Default int type: Signed or Unsigned?_问答_开发者

When programming in a开发者_开发知识库 C-like language should one's "default" integer type be int or uint/unsigned int? By default, I mean when you don't need negative numbers but either one should be easily big enough for the data you're holding. I can think of good arguments for both:

signed: Better-behaved mathematically, less possibility of weird behavior if you try to go below zero in some boundary case you didn't think of, generally avoids odd corner cases better.

unsigned: Provides a little extra assurance against overflow, just in case your assumptions about the values are wrong. Serves as documentation that the value represented by the variable should never be negative.

The Google C++ Style Guide has an interesting opinion on unsigned integers:

(quote follows:)

On Unsigned Integers

Some people, including some textbook authors, recommend using unsigned types to represent numbers that are never negative. This is intended as a form of self-documentation. However, in C, the advantages of such documentation are outweighed by the real bugs it can introduce. Consider:

for (unsigned int i = foo.Length()-1; i >= 0; --i) ...

This code will never terminate! Sometimes gcc will notice this bug and warn you, but often it will not. Equally bad bugs can occur when comparing signed and unsigned variables.

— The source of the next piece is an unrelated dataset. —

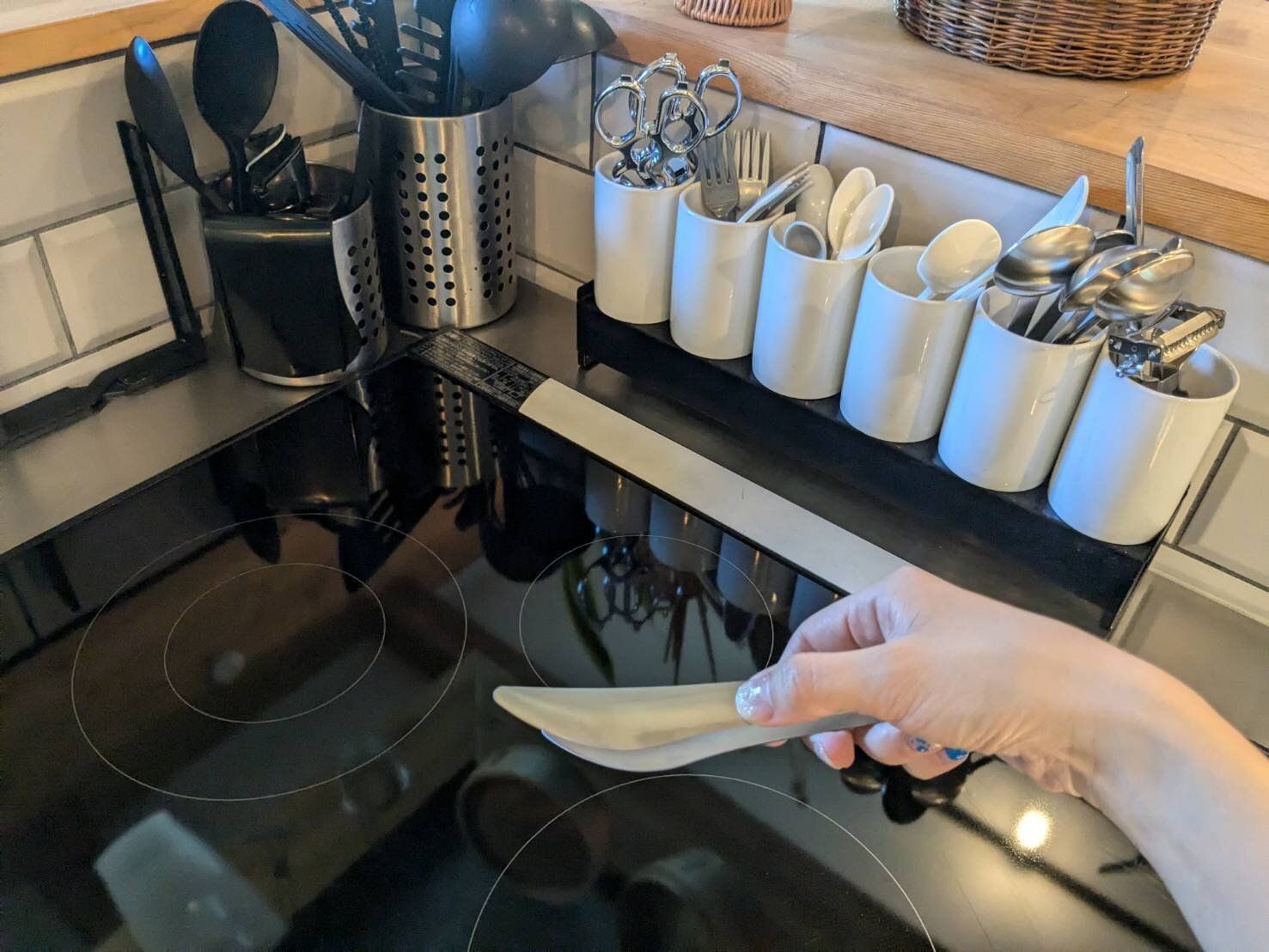 そこで、キッチンに1本、カトラリー収納スペースにも1本配置することに。両者の収納場所は、歩数にして6、7歩程度の距離ですが、それでも2本持っておくことで、「探す手間」、「頻繁に洗う手間」、「中間地点への出しっぱなし」がなくなりました。

Basically, C's type-promotion scheme causes unsigned types to behave differently than one might expect.

So, document that a variable is non-negative using assertions. Don't use an unsigned type.

(end quote)

Certainly signed. If overflow worries you, underflow should worry you more, because going "below zero" by accident is easier than over int-max.

"unsigned" should be a conscious choice that makes the developer think about potential risks, used only there where you are absolutely sure that you can never go negative (not even accidentally), and that you need the additional value space.

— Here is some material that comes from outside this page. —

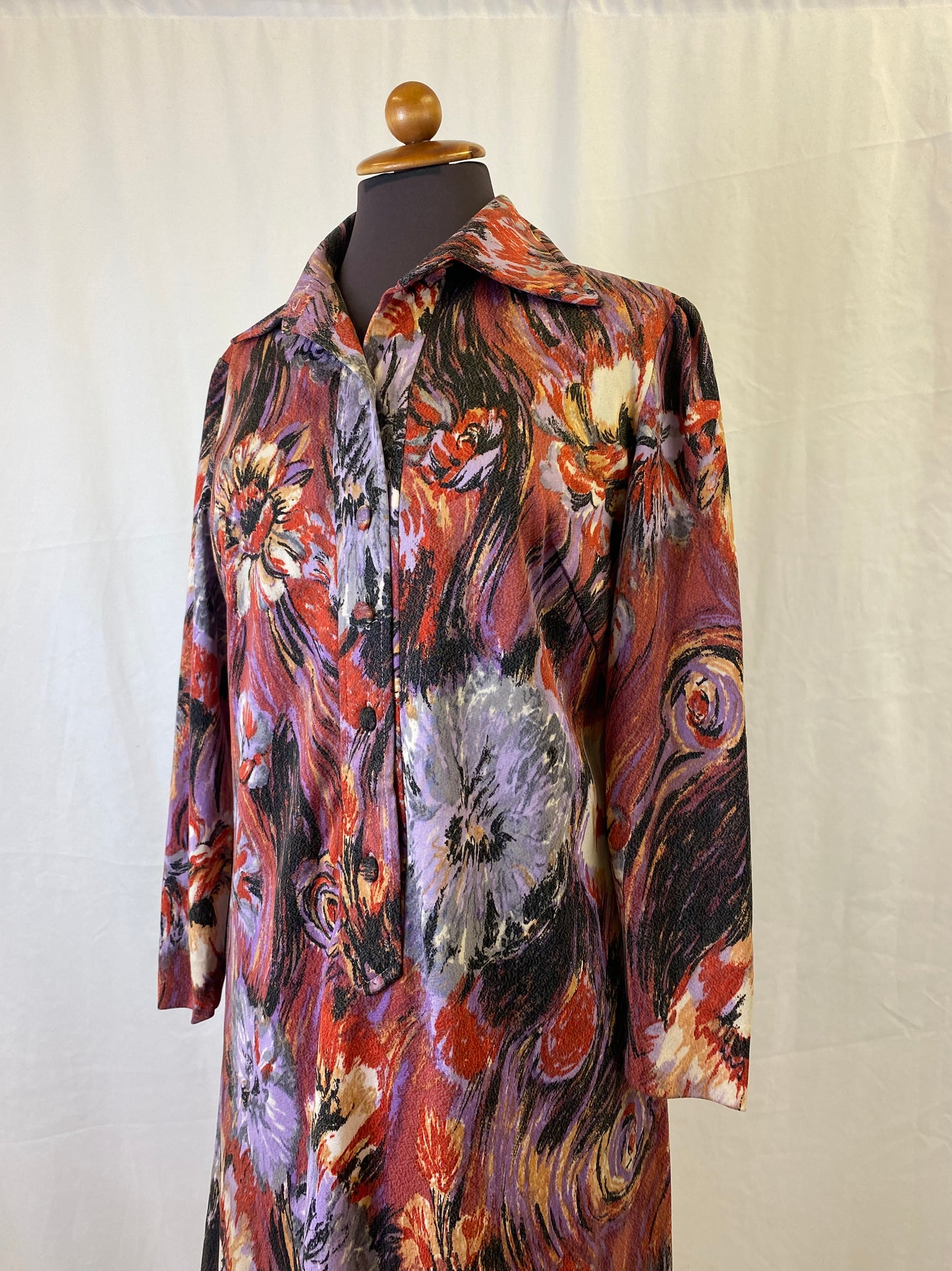 Abito anni ‘70 con fantasia floreale, sembra dipinta a mano

As a rough rule of thumb, I used unsigned ints for counting things, and signed ints for measuring things.

If you find yourself decrementing or subtracting from an unsigned int, then you should be in a context where you already expect to be taking great care not to underflow (for instance, because you're in some low-level code stepping back from the end of a string, so of course you have first ensured that the string is long enough to support this). If you aren't in a context like that, where it's absolutely critical that you don't go below zero, then you should have used a signed value.

In my usage, unsigned ints are for values which absolutely cannot go negative (or for that one in a million situation where you actually want modulo 2^N arithmetic), not for values which just so happen not to be negative, in the current implementation, probably.

I tend to go with signed, unless I know I need unsigned, as int is typically signed, and it takes more effort to type unsigned int, and uint may cause another programmer a slight pause to think about what the values can be.

So, I don't see any benefit to just defaulting to an unsigned, since the normal int is signed.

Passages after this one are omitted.